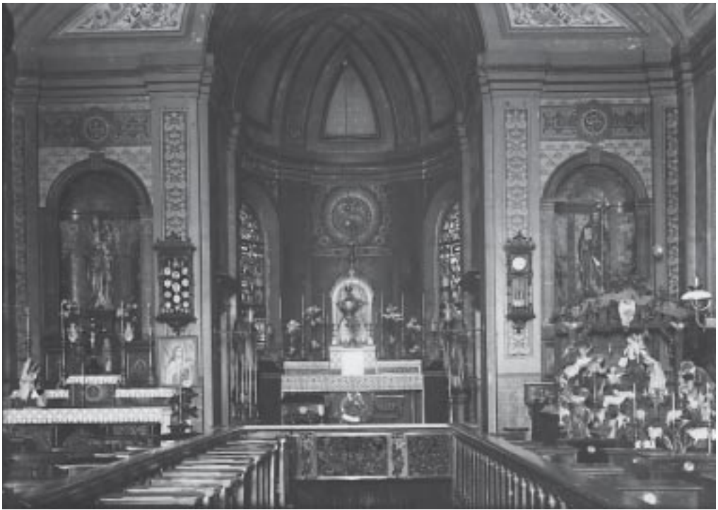
2. Interieur rond 1930.
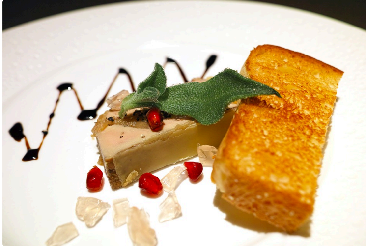
Le foie gras reste le N°1 des fêtes

Malgré les attaques dont il fait l'objet, 92 % des Français en consomment

-*-

> **EXERCISE PROMPT**: You are asked to reproduce each line above exactly, but to exclude the pictures.

> **RESPONSE BOX**:
2. Interieur rond 1930.
Le foie gras reste le N°1 des fêtes

Malgré les attaques dont il fait l'objet, 92 % des Français en consomment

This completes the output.